▸ WORK INSTRUCTIONS: Every record below needs to be set down exactly. Pictures do not belong in the copy.
[[ RAW DATA open ]]
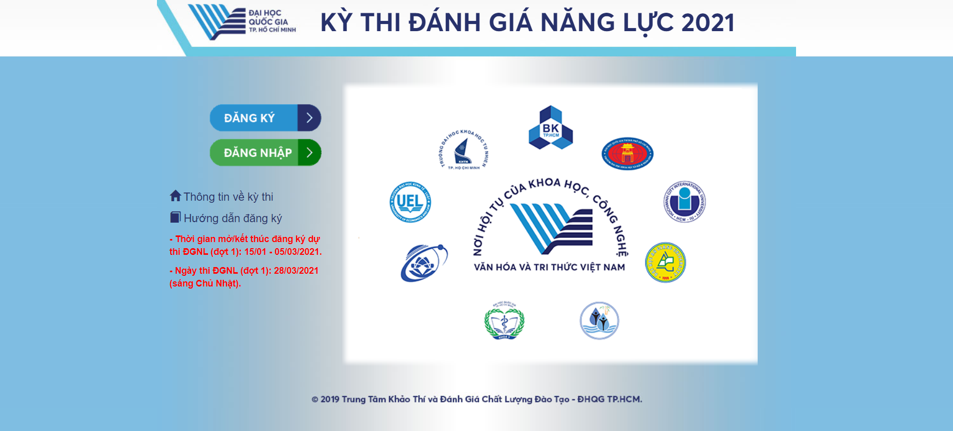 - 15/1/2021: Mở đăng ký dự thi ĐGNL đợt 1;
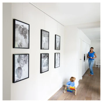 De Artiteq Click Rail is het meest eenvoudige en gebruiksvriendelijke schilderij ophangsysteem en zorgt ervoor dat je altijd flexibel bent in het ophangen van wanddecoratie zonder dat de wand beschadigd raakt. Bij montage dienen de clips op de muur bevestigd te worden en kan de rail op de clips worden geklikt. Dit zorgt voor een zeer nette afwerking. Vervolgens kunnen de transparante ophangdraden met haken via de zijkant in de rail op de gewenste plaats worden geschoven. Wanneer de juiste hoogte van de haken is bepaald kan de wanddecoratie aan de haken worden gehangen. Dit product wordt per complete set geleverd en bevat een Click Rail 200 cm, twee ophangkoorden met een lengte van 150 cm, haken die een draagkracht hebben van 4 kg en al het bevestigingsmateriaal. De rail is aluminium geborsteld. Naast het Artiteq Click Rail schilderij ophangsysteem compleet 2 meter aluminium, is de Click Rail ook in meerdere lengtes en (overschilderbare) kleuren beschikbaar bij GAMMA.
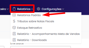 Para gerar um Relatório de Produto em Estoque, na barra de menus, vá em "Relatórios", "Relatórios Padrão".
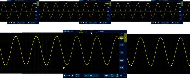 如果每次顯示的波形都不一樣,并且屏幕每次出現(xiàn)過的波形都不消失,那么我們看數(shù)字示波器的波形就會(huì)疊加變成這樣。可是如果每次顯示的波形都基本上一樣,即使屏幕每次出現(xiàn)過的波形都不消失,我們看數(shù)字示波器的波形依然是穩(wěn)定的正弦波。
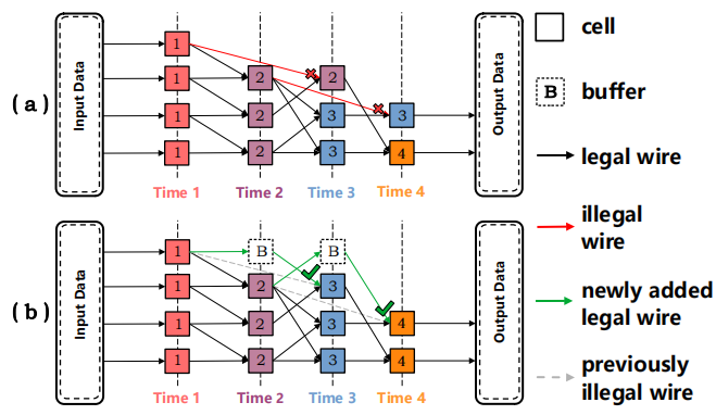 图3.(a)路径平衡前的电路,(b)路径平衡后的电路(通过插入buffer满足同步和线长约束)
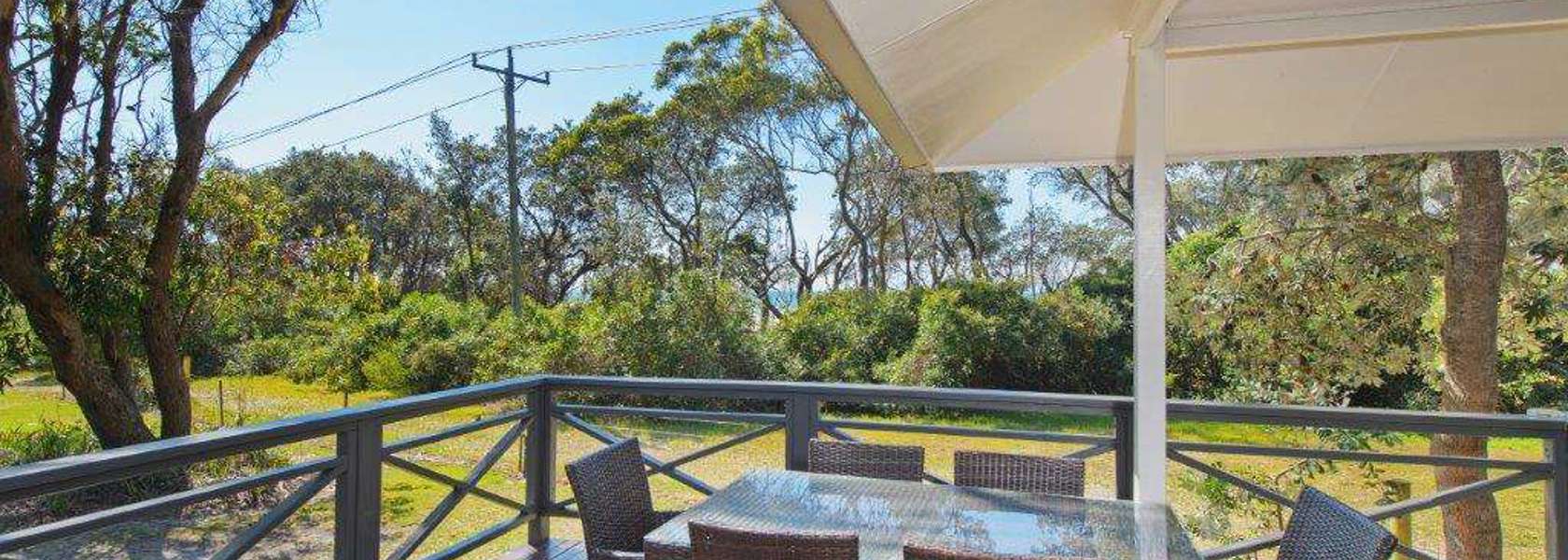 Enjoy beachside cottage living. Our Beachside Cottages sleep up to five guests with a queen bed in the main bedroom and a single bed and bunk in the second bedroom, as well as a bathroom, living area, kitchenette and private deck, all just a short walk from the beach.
[[ RAW DATA closed ]]
▸ EXERCISE OUTPUT:
 - 15/1/2021: Mở đăng ký dự thi ĐGNL đợt 1;
 De Artiteq Click Rail is het meest eenvoudige en gebruiksvriendelijke schilderij ophangsysteem en zorgt ervoor dat je altijd flexibel bent in het ophangen van wanddecoratie zonder dat de wand beschadigd raakt. Bij montage dienen de clips op de muur bevestigd te worden en kan de rail op de clips worden geklikt. Dit zorgt voor een zeer nette afwerking. Vervolgens kunnen de transparante ophangdraden met haken via de zijkant in de rail op de gewenste plaats worden geschoven. Wanneer de juiste hoogte van de haken is bepaald kan de wanddecoratie aan de haken worden gehangen. Dit product wordt per complete set geleverd en bevat een Click Rail 200 cm, twee ophangkoorden met een lengte van 150 cm, haken die een draagkracht hebben van 4 kg en al het bevestigingsmateriaal. De rail is aluminium geborsteld. Naast het Artiteq Click Rail schilderij ophangsysteem compleet 2 meter aluminium, is de Click Rail ook in meerdere lengtes en (overschilderbare) kleuren beschikbaar bij GAMMA.
 Para gerar um Relatório de Produto em Estoque, na barra de menus, vá em "Relatórios", "Relatórios Padrão".
 如果每次顯示的波形都不一樣,并且屏幕每次出現(xiàn)過的波形都不消失,那么我們看數(shù)字示波器的波形就會(huì)疊加變成這樣。可是如果每次顯示的波形都基本上一樣,即使屏幕每次出現(xiàn)過的波形都不消失,我們看數(shù)字示波器的波形依然是穩(wěn)定的正弦波。
 图3.(a)路径平衡前的电路,(b)路径平衡后的电路(通过插入buffer满足同步和线长约束)
 Enjoy beachside cottage living. Our Beachside Cottages sleep up to five guests with a queen bed in the main bedroom and a single bed and bunk in the second bedroom, as well as a bathroom, living area, kitchenette and private deck, all just a short walk from the beach.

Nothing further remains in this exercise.